Edgar Wallace’s The Daffodil Mystery

Edgar Wallace’s The Daffodil Mystery was published in 1920. While Wallace was best known for his thrillers he wrote straight murder mysteries as well and The Daffodil Mystery falls into the latter category. It also appeared under the alternative title The Daffodil Murder.

Mr Thornton Lyne is a very rich young man. He owns a very lucrative business which he inherited from his father, his own contribution to the business being negligible. He has enjoyed every advantage in life. He fancies himself as a poet although those who have have read his one small published volume of verse are inclined to disagree. He is a poseur. He is also a very unpleasant young man and he has been making himself particularly offensive to one of his female employees, a Miss Odette Rider. She has rejected his advances and since spitefulness is another of his unattractive qualities he is determined to revenge himself upon her. His idea is to engage the well-known private detective Jack Tarling to help him frame Odette for an imaginary crime. Tarling indignantly refuses.

And then Thornton Lyne gets himself murdered. His body is found, minus coat and waistcoat and wearing slippers. Most curiously a bunch of daffodils has been placed on his chest.

Scotland Yard calls on Tarling help in this case because of a curious note, written in Chinese, found on the body. Tarling had been a very successful police detective in Shanghai and he has a Chinese assistant, Ling Chu. Ling Chu is most emphatically not a servant but a colleague and is a formidable detective in his own right.

The evidence all points towards Odette’s guilt but Tarling finds her to be a charming young woman and while nothing will deflect him from the path of duty he finds himself hoping that Odette will prove to be innocent.

The plot has some of the outrageousness you expect from Wallace but in spite of its convolutions the solution is simple and makes sense. As you might expect from Ling Chu’s presence the events of the present day have links to events in the past in China.

In 1920 the idea of the fair-play mystery has not yet been formalised. Insofar as writers played fair with their readers they did so by avoiding impossibilities in the plotting and by providing a puzzle that the detective could plausibly solve based on the clues available to him, clues that were not necessarily revealed to the reader until the ending. In spite of this there is one definite clue that does point very clearly to the identity of the criminal. Unless of course (like me) you manage to miss its significance! There are multiple suspects and they’re all quite plausible. And there is an unbreakable alibi as well.

Of course being a Wallace novel it has more action than the average detective novel.

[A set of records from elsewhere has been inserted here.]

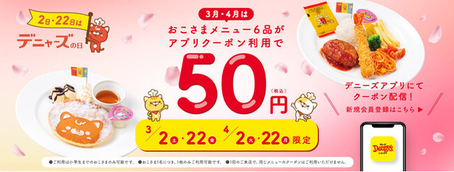 お客様よりキャンペーン継続の要望が多数ありました為、3月以降は毎月2・22日を「デニャーズの日」として、おこさまメニュー6品が50円となるキャンペーンを実施することとしました。
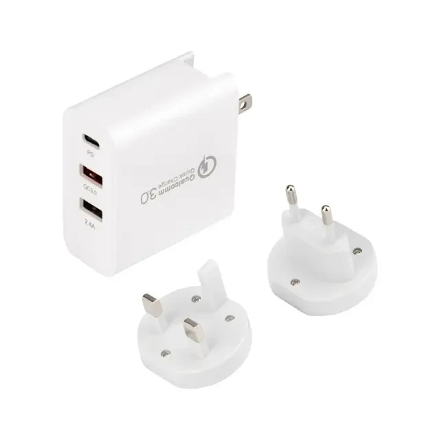 Сетевое зарядное устройство пополнит заряд батареи любимого смартфона или планшета в считанные минуты. Изделие осуществит быструю и безопасную зарядку вашего гаджета, защищая его от перепадов в сети переменного тока. Легкий и компактный адаптер удобно брать с собой в длительные поездки, путешествия, на дачу и в командировки. Подбирайте адаптер исходя из необходимой мощности для зарядки устройства. Тип: USB + Type-C Входное напряжение: AC 110-240V Выход 3 гнезда: 2хUSB-A, USB-C Размер: 58х43х23 мм Цвет корпуса: белый
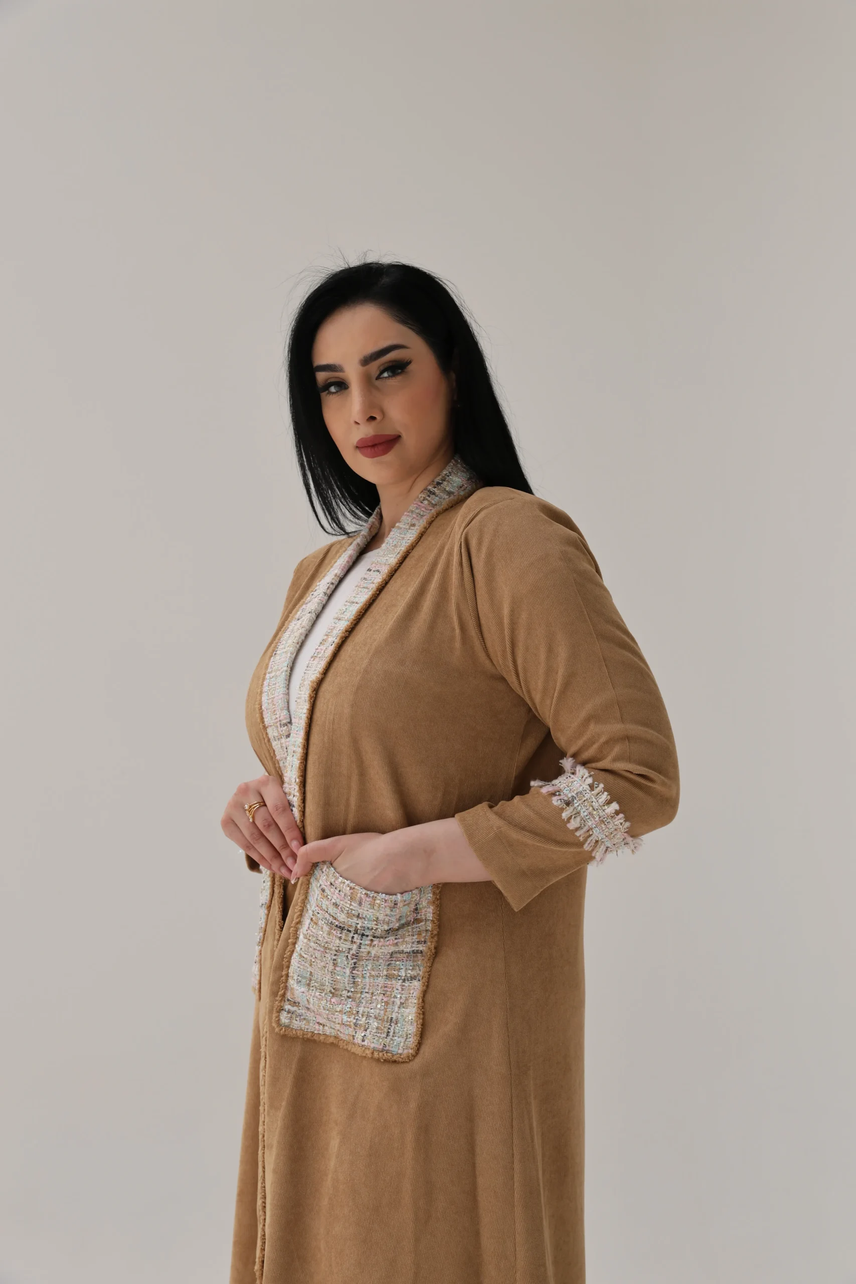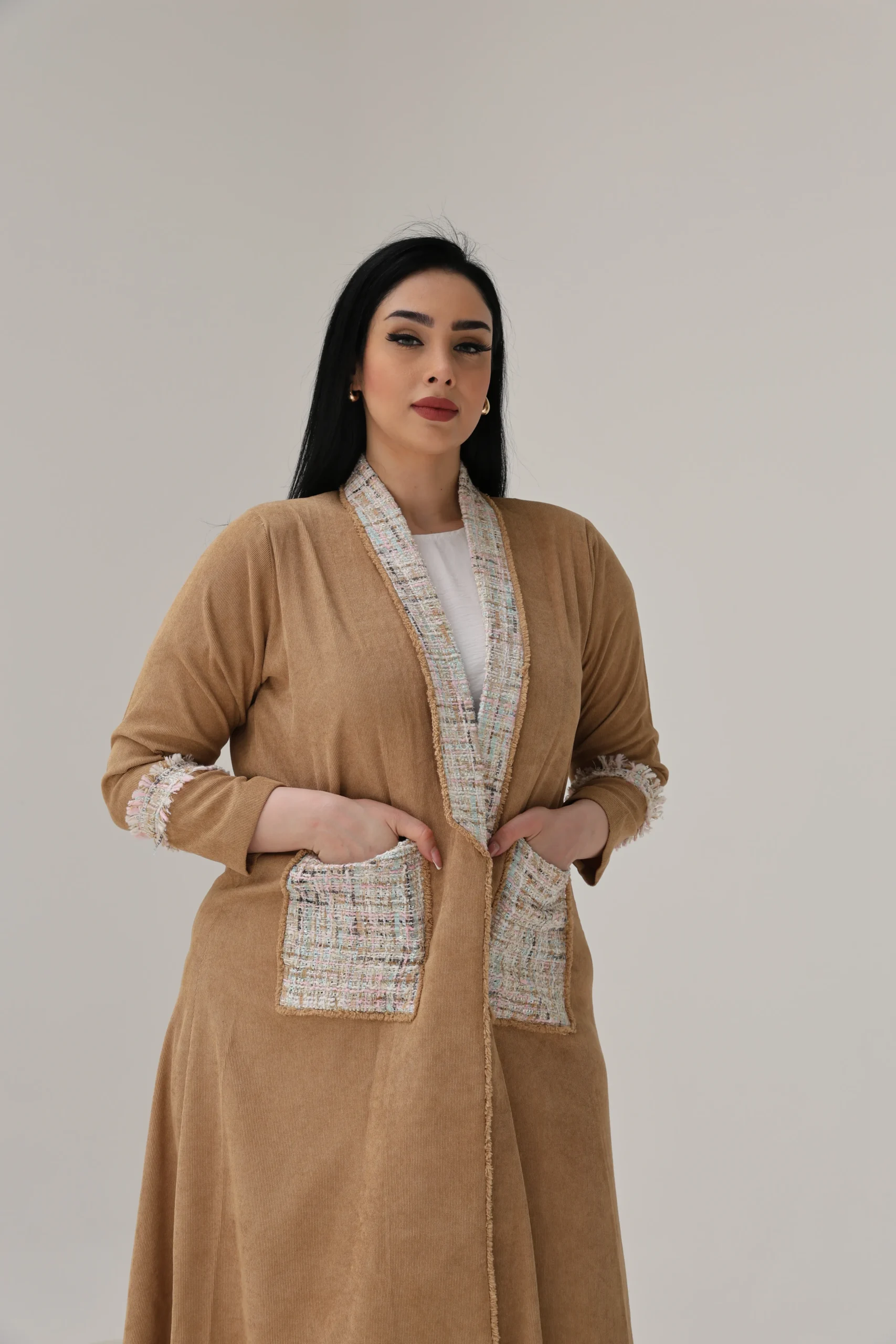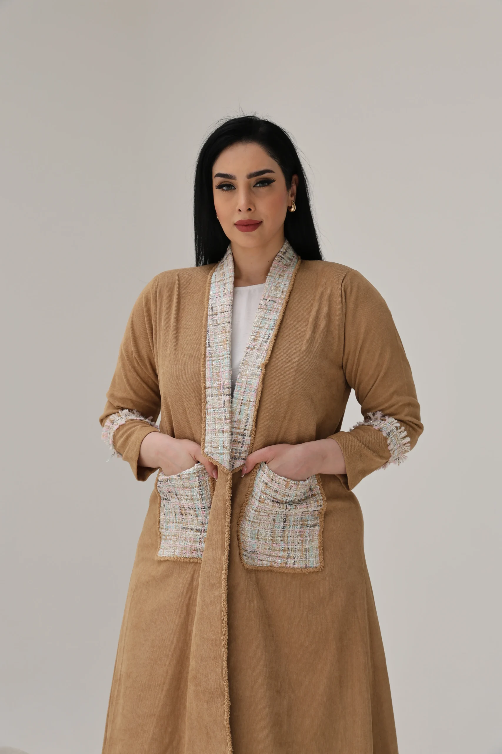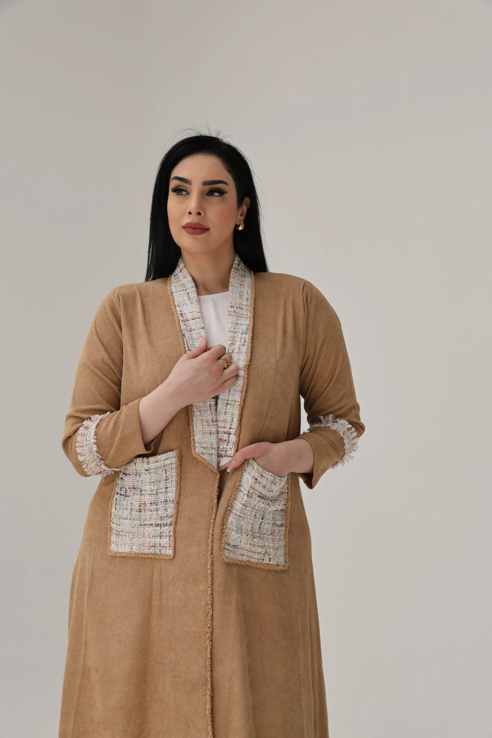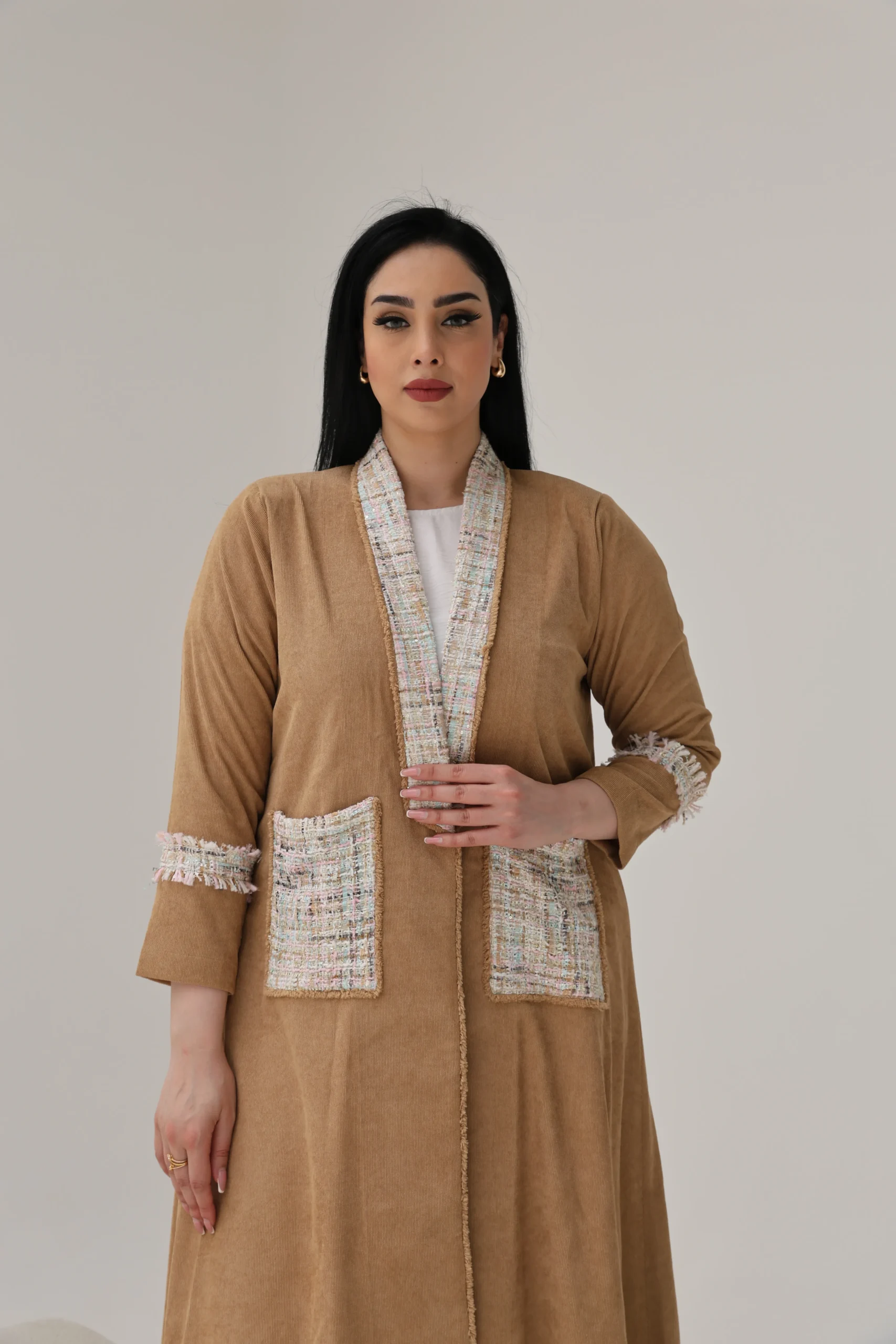 The highlight is the rich tweed accents—tracing the collar seamlessly down to the pockets, framing the front with refined texture. Matching tweed panels halfway down each sleeve add balance and visual interest, giving this abaya a polished yet contemporary feel.

The golden age of detective fiction had scarcely even begun when The Daffodil Mystery appeared but the idea of a murderer adding some bizarre touch to the victim’s body (in this case the daffodils) was one that would be used quite often by golden age writers, notably John Dickson Carr in the wonderful The Mad Hatter Mystery and Ellery Queen in The Chinese Orange Mystery (and the latter of course has a China connection as well).

Ling Chu is quite an interesting character. He is honest, but sometimes he is honest in a misleading way. He takes care of the investigation of most of the vital physical clues including some very puzzling footprints. He’s not quite an early anticipation of Charlie Chan. He’s a lot more ruthless for one thing - he has his own ideas about the way to interrogate suspects and they’re not for the faint-hearted. Sometimes bad men try to lie to detectives but they don’t lie to Ling Chu.

Tarling also has a certain nostalgia for his earlier career in Shanghai when the rules under which policemen operated were much more flexible. Working for Scotland Yard can be a bit restrictive.

It's perhaps worth pointing out that despite the China connection and the slightly lurid cover this is not by any stretch of the imagination a Yellow Peril novel.

The Daffodil Mystery represents the slightly less outlandish side to Edgar Wallace but it’s still thoroughly enjoyable. Recommended.